Top Abstract Introduction Materials and Methods Results Discussion References

 
GnRH IS THE primary stimulator of gonadotropin release and synthesis in vertebrates. To date, the primary structures of eleven GnRH variants have been elucidated, and two or more molecular forms have been found to be expressed in species from all vertebrate classes (1, 2), including placental mammals (3, 4). The goldfish brain contains two forms of GnRH: [Trp7, Leu8]-GnRH (salmon GnRH; sGnRH) and [His5, Trp7, Tyr8]-GnRH (chicken GnRH-II; cGnRH-II) (5, 6). Functional diversity of GnRH is well documented in fish and other vertebrates, and there is evidence for the presence of both GnRH and GnRH receptors in various peripheral tissues.

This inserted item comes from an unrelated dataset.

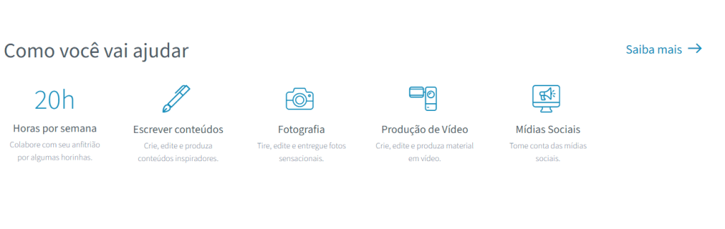 Aqui está um exemplo do que você precisará contribuir em uma vaga de voluntariado na plataforma! Esses detalhes são super importantes para você entender o que é esperado e como se preparar para a sua experiência. Transparência total para uma viagem sem surpresas!
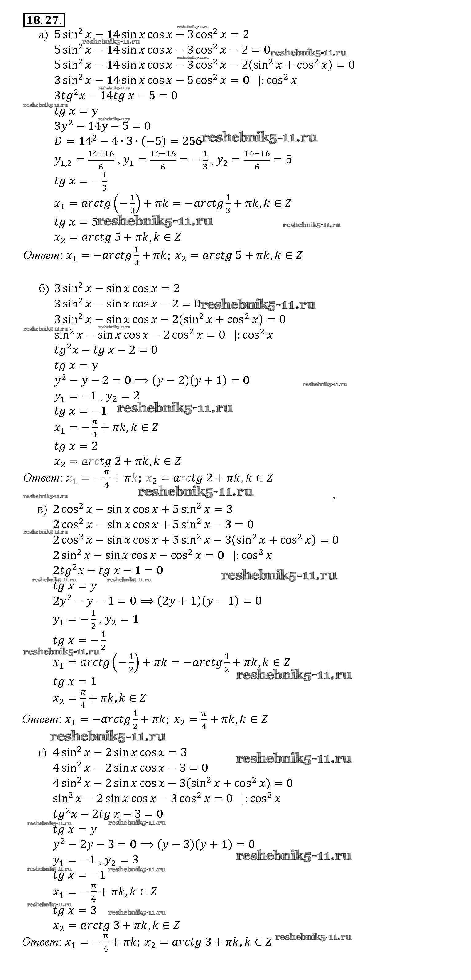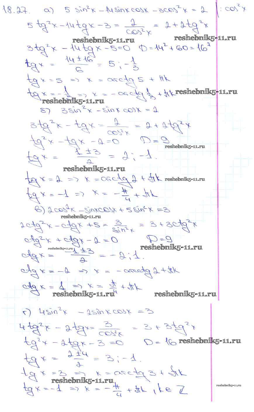 Готовая домашняя работа с ответами по Алгебре за 10, 11 класс Мордкович, Денищева, Корешкова, Мишустина, Семёнов, Тульчинская Задачник Базовый уровень Часть 2 Мнемозина 2015 ФГОС - §18. Тригонометрические уравнения 18. 27

Studies in a number of species have provided evidence for a paracrine/autocrine regulatory role of ovarian GnRH or compounds with GnRH-like activity (7, 8, 9). The possibility of intraovarian production of GnRH and/or compounds with GnRH-like activity has been reinforced by demonstration of ovarian compounds with GnRH-like activity (10, 11, 12) and ovarian GnRH gene expression (13, 14, 15, 16). A recent study demonstrated the expression of both sGnRH and cGnRH-II precursor messenger RNA (mRNA) in the brain and ovary of goldfish (6). However, to date, GnRH peptides have not been biochemically isolated and sequenced from the vertebrate ovary. Other studies in fish also indicated the presence of ovarian compounds with GnRH-like activity, but no information is available on their structural identity (17, 18, 19). Other evidence in goldfish supporting a paracrine/autocrine role for GnRH peptides in ovary include those demonstrating the presence of ovarian GnRH receptors (20) and effects of GnRH peptides on reinitiation of oocyte meiosis and follicular steroidogenesis in the goldfish ovary (9, 21, 22).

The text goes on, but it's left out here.